Because they do what we once did and what we won’t do now, we aren’t starving. They bust their butts to put healthy, nice-looking produce -- things that farm machinery can’t pick or sort -- in our stores. Ironically, the very same people who looked at the Jamaicans with ire were buying the fresh goods that those men had picked days earlier.

Who knows where the disdain for them comes from: Is it because they look and sound different from most of us, or is guilt by association because of a deserved narrative against illegal aliens (which these men aren’t) who do bad things (which these men don’t) in our southern border states?

Almost all migrant farm workers in Niagara County are here legally, holding H-2A visas which allow them to be here up to 10 months at a time. When they are not here, they are back home reveling in the rewards of their hard work – that is, seeing their families living in humble homes and going to better schools that are atypical to the dead end squalor of their homeland. They are doing back breaking work to ensure that their kids aren’t and to help them rise out of a second- or third-world existence.

That’s commendable work. That’s commendable fathering.

Yet, why do we only want them to have some shadowy existence, almost off the grid, out of sight and out of mind, while they are here toiling and making good on their promises to their families?
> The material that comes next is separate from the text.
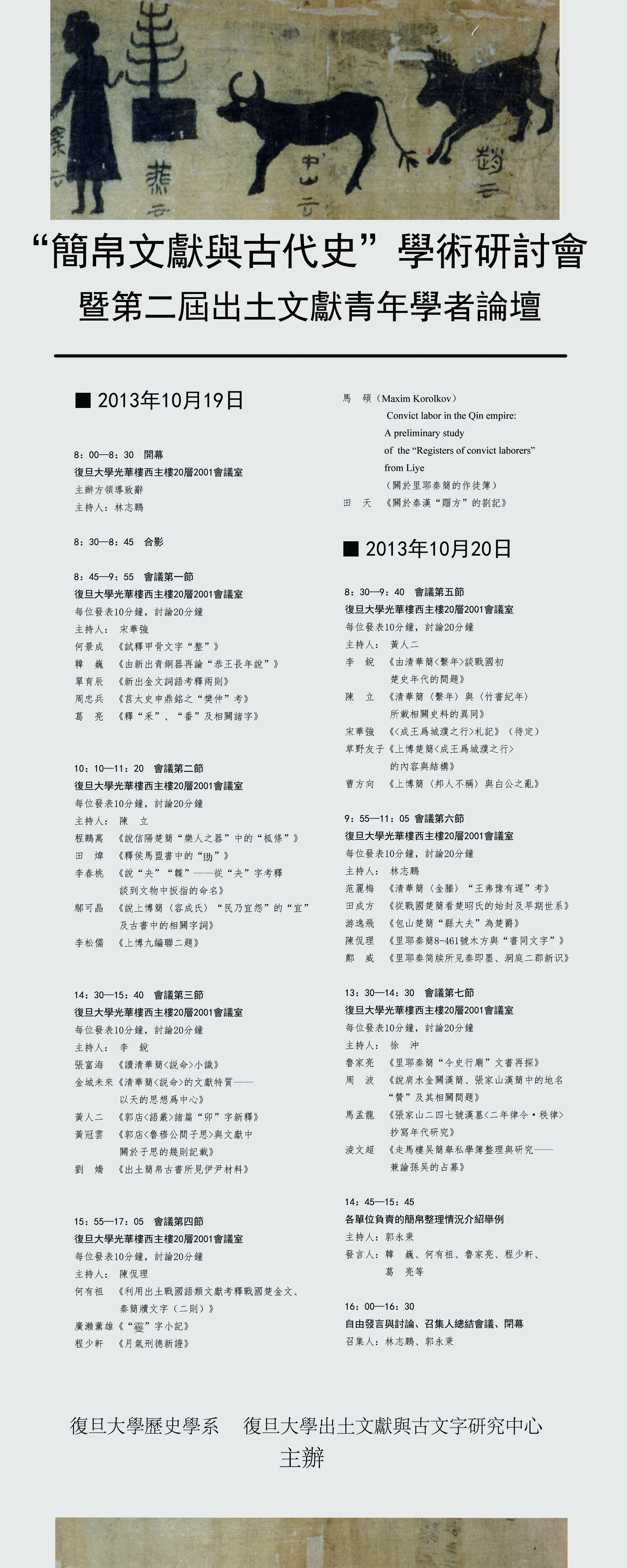 復(fù)旦大學(xué)歷史學(xué)系、復(fù)旦大學(xué)出土文獻(xiàn)與古文字研究中心主辦的“簡(jiǎn)帛文獻(xiàn)與古代史”學(xué)術(shù)研討會(huì)暨第二屆出土文獻(xiàn)青年學(xué)者論壇將於2013年10月19-20日在復(fù)旦大學(xué)召開。

We should be treating them as we would anyone who lives and works in our towns and villages. Not only do they deserve a passing smile at the grocery store, but they should be invited and welcomed with open arms to our churches and community events. They should made to feel like they belong.

They might be part-time neighbors, but they are good neighbors, hardworking souls who by their very nature represent the ethos that once defined the greatness of America.